*Activity*: Using the records below, write out only the lines from the line containing "Filtr do pompy" up to and including the line containing "количества экскурсантов, уменьшение", exactly, with no pictures.

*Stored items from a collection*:

= = = = = = =

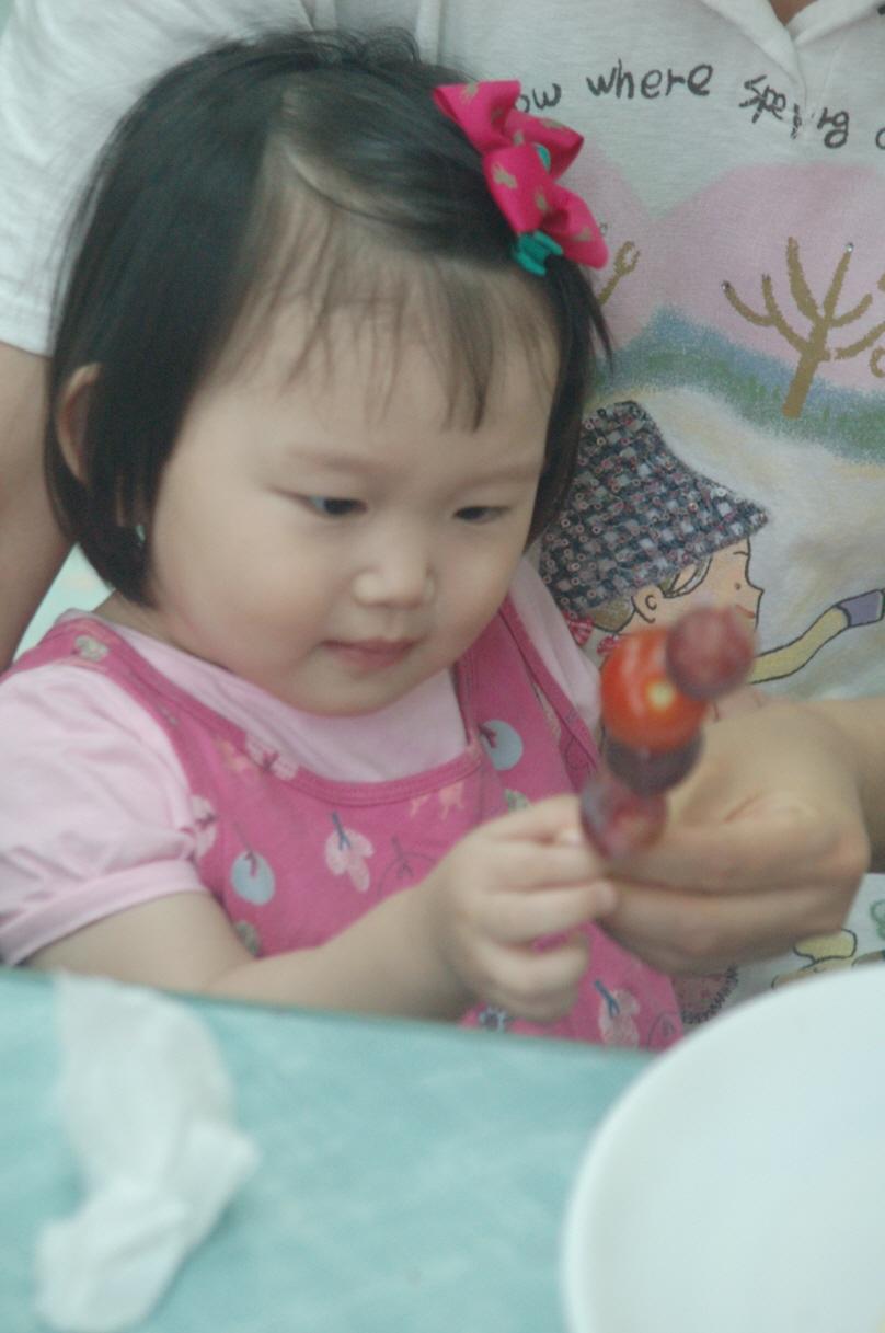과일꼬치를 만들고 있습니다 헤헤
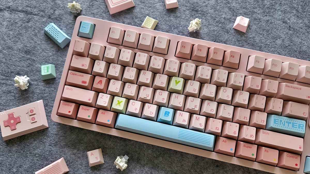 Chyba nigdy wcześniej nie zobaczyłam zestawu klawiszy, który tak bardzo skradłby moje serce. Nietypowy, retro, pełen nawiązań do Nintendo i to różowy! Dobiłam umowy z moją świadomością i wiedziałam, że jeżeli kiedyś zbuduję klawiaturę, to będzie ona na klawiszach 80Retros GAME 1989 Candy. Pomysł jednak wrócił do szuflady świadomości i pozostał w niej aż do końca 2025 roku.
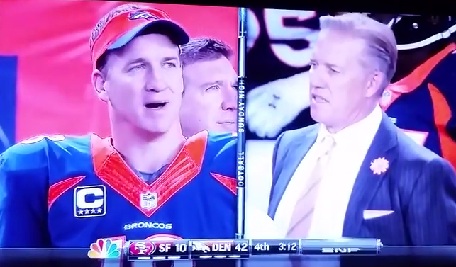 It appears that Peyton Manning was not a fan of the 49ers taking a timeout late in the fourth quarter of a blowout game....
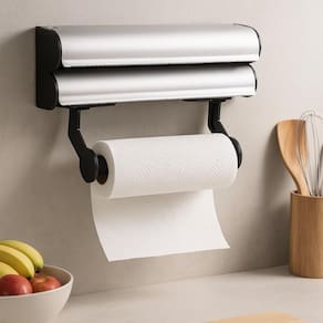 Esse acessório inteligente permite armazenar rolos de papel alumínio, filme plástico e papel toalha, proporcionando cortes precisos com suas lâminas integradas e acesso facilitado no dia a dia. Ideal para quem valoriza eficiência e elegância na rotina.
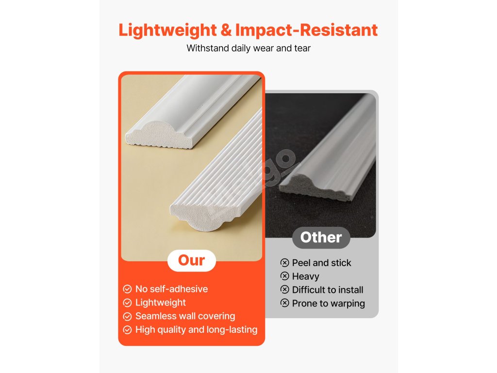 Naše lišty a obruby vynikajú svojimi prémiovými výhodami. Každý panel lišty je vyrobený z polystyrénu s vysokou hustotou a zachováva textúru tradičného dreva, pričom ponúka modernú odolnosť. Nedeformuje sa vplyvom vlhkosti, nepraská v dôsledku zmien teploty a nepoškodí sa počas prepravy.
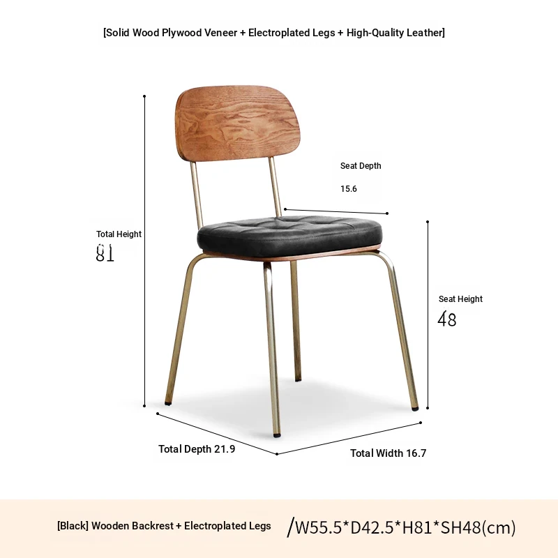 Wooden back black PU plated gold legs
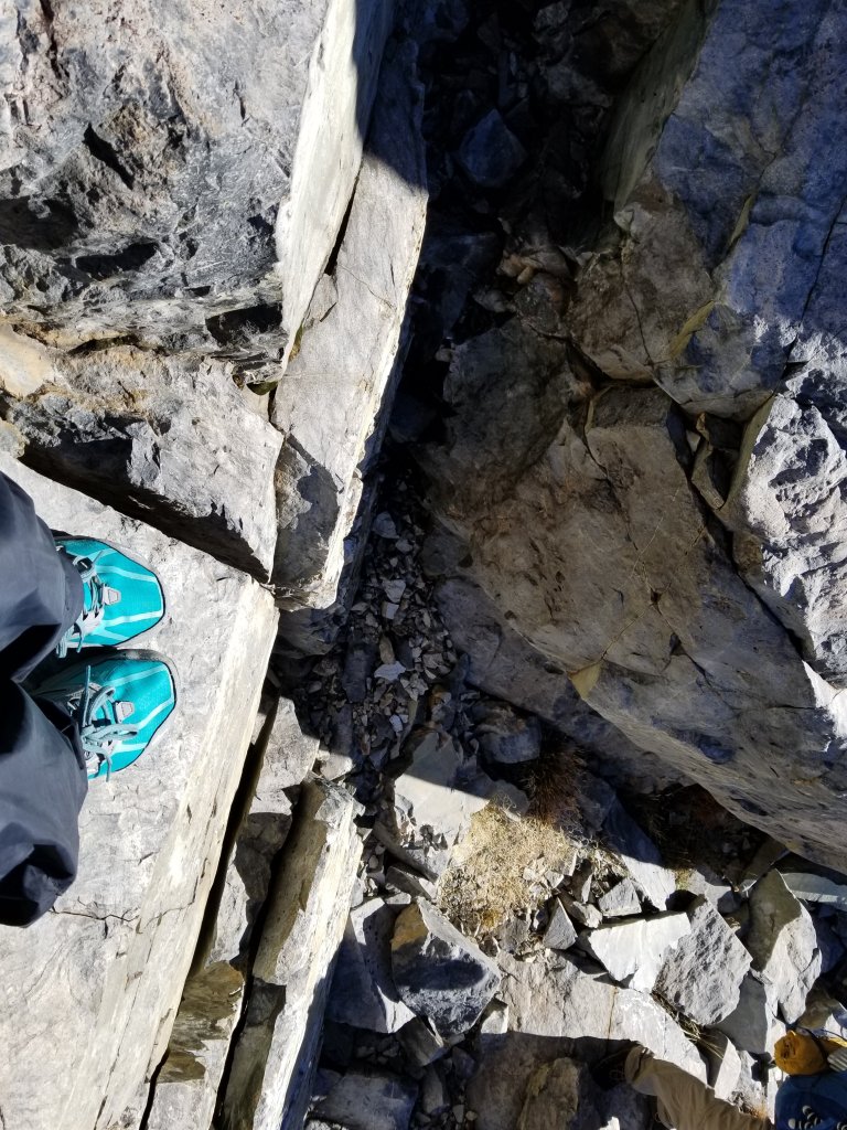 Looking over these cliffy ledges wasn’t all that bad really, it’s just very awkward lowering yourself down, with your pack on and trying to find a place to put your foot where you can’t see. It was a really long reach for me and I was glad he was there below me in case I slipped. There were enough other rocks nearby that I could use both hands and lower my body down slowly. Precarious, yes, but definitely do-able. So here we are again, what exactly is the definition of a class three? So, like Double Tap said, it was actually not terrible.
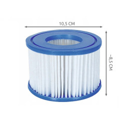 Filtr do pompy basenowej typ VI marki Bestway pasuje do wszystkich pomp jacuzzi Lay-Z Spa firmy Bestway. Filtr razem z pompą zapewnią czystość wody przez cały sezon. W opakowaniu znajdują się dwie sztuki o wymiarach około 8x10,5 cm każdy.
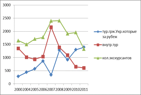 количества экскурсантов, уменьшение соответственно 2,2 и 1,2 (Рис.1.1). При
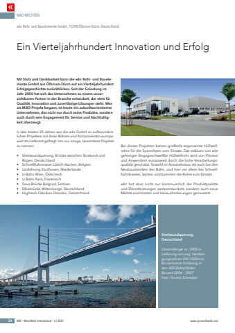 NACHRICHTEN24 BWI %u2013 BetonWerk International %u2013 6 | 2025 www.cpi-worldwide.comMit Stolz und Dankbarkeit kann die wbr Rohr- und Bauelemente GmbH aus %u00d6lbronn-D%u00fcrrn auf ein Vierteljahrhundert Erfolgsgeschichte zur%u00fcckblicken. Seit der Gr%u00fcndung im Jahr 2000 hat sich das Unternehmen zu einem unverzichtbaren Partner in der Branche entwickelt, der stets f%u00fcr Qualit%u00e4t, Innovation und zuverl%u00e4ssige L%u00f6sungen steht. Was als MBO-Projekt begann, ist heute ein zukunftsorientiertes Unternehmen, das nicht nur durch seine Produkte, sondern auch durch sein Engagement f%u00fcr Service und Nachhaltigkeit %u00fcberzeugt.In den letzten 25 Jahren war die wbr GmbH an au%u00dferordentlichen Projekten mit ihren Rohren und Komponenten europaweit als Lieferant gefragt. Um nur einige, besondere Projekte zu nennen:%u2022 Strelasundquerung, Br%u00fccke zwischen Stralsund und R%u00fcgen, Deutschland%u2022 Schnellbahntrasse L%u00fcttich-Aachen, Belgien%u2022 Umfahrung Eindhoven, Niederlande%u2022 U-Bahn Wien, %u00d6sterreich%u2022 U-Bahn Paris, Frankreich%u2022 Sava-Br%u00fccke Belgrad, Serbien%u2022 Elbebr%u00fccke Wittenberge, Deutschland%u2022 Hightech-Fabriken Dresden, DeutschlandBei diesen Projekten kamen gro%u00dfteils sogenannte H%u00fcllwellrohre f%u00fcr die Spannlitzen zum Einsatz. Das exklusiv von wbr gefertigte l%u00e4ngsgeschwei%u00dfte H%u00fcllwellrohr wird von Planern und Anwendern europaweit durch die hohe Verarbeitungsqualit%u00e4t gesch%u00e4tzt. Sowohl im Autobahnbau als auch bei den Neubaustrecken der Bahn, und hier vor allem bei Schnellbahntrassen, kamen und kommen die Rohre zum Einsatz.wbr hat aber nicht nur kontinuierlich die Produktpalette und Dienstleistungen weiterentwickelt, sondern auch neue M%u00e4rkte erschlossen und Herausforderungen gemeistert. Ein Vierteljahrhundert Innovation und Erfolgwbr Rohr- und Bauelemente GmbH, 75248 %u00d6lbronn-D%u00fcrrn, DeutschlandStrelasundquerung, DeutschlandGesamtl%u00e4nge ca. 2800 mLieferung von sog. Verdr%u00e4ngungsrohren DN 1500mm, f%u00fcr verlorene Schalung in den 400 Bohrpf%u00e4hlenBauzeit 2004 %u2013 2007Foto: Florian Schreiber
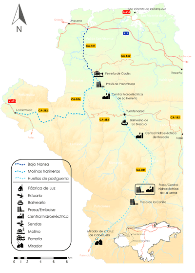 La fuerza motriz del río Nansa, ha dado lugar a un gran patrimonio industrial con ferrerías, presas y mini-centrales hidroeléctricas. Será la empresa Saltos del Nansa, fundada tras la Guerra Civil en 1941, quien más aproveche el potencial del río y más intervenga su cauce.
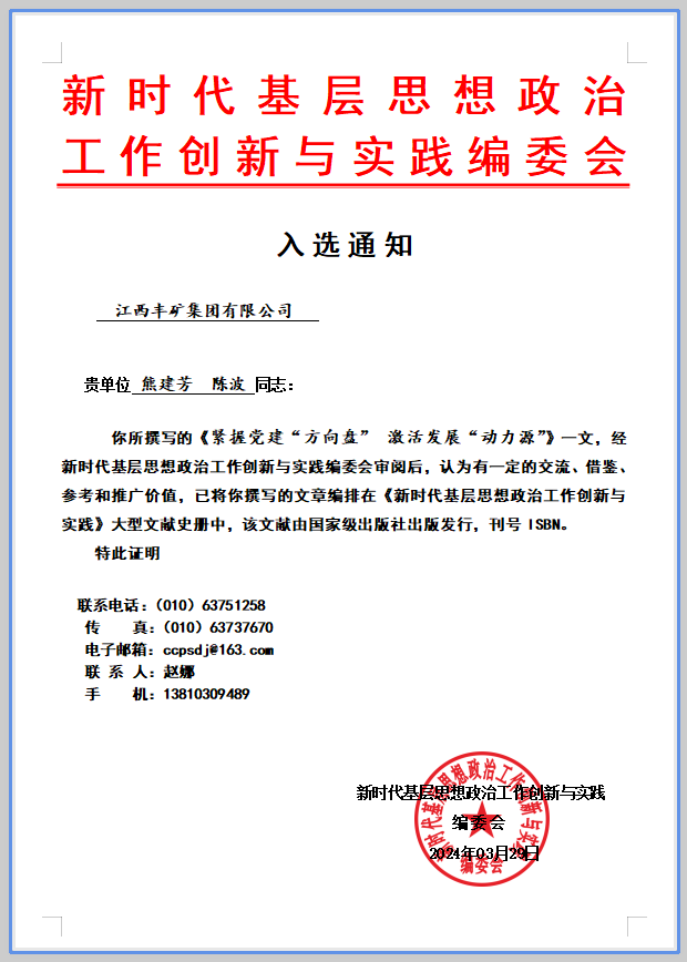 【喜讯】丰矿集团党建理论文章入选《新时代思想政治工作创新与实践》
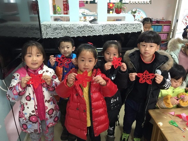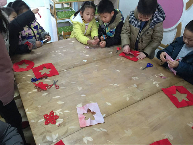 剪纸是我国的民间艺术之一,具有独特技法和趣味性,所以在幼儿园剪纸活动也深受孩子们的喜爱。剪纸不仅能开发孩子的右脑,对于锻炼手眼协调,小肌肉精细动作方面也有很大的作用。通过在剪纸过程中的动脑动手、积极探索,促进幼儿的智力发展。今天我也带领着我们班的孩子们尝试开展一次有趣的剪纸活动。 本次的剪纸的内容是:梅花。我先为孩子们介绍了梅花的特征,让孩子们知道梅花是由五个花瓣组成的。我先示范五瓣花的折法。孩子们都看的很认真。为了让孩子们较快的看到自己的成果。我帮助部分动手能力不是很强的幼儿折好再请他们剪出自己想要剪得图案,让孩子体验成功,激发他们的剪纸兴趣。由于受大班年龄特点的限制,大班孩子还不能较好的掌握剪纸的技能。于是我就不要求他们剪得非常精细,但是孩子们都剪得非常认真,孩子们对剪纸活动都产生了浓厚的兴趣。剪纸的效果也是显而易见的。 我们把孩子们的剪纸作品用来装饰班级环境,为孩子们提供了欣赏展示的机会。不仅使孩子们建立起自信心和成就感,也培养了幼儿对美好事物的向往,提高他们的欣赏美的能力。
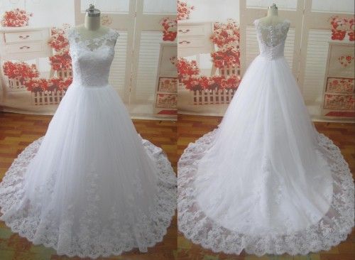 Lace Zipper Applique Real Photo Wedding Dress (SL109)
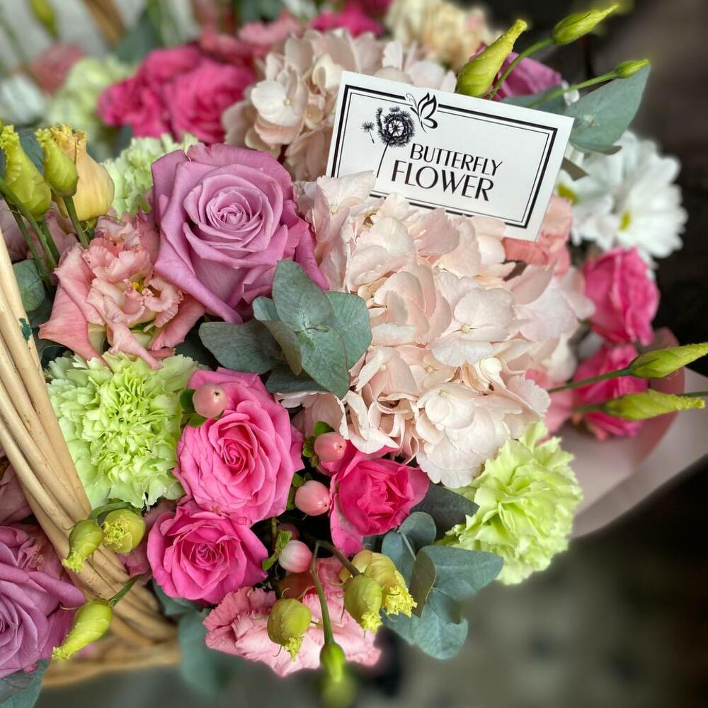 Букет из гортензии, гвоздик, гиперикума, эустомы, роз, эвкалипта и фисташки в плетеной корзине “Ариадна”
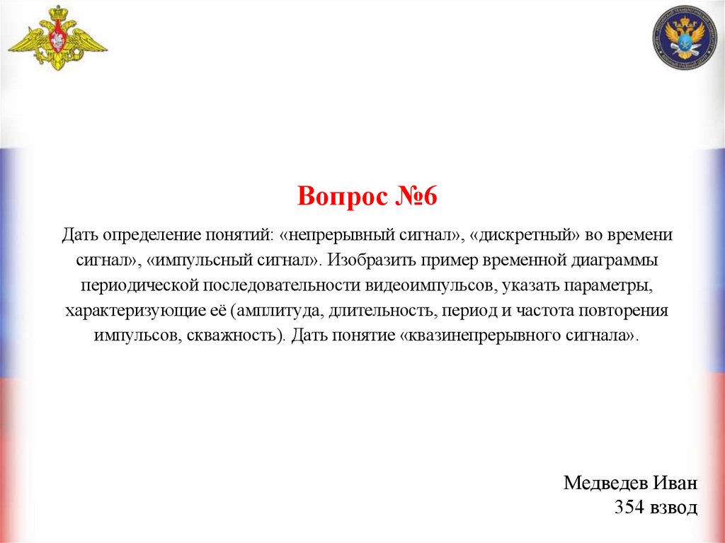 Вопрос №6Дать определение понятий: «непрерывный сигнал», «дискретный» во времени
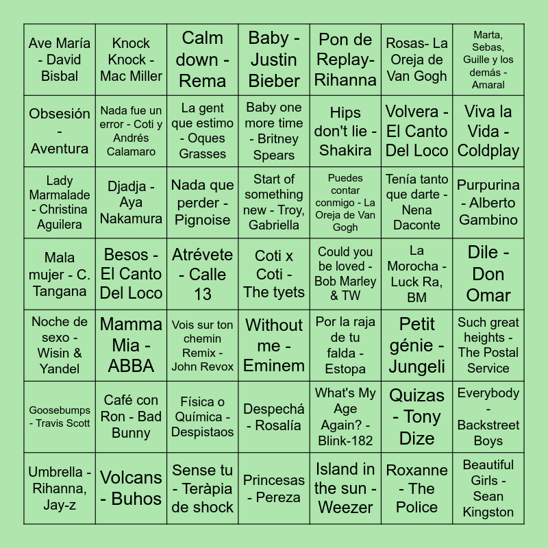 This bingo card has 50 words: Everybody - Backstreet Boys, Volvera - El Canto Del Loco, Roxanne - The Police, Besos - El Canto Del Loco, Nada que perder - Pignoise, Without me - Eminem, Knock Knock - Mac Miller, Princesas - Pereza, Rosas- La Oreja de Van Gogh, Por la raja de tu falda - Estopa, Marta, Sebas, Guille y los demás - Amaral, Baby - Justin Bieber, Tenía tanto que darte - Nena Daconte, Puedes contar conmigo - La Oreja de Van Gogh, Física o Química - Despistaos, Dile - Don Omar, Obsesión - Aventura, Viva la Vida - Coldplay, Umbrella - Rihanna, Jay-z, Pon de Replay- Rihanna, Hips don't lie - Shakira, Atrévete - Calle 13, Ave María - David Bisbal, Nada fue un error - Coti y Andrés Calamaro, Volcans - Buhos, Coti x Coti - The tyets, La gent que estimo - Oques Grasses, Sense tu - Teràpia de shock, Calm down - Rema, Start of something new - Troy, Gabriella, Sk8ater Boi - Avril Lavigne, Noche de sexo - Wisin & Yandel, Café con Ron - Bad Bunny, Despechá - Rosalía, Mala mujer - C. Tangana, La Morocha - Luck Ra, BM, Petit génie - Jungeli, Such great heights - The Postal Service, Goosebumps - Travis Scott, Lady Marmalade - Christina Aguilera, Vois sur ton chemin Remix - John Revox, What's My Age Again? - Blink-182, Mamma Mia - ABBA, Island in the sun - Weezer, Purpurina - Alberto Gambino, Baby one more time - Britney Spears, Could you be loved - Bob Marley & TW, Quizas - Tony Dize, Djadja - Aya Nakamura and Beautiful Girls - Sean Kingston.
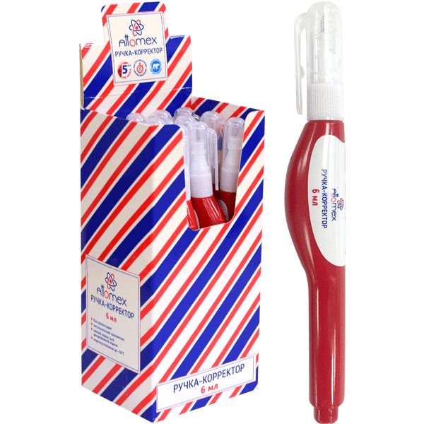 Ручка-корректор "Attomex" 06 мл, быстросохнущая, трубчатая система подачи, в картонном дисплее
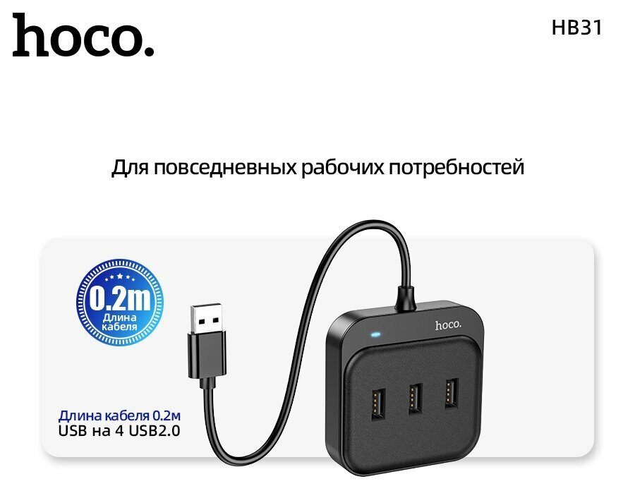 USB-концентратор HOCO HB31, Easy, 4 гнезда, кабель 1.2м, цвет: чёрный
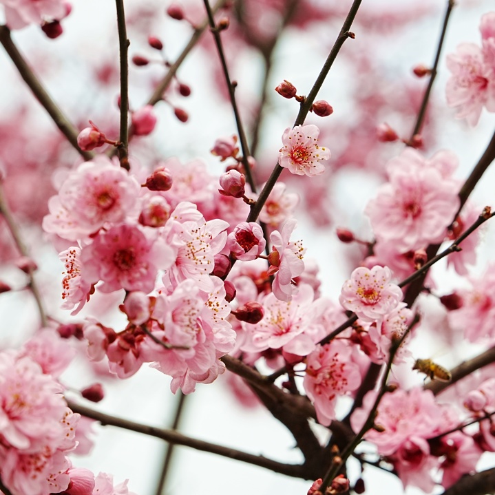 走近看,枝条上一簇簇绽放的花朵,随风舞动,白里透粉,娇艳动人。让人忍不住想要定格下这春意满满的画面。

= = = = = = =

*Solution to the exercise*:
 Filtr do pompy basenowej typ VI marki Bestway pasuje do wszystkich pomp jacuzzi Lay-Z Spa firmy Bestway. Filtr razem z pompą zapewnią czystość wody przez cały sezon. W opakowaniu znajdują się dwie sztuki o wymiarach około 8x10,5 cm każdy.
 количества экскурсантов, уменьшение соответственно 2,2 и 1,2 (Рис.1.1). При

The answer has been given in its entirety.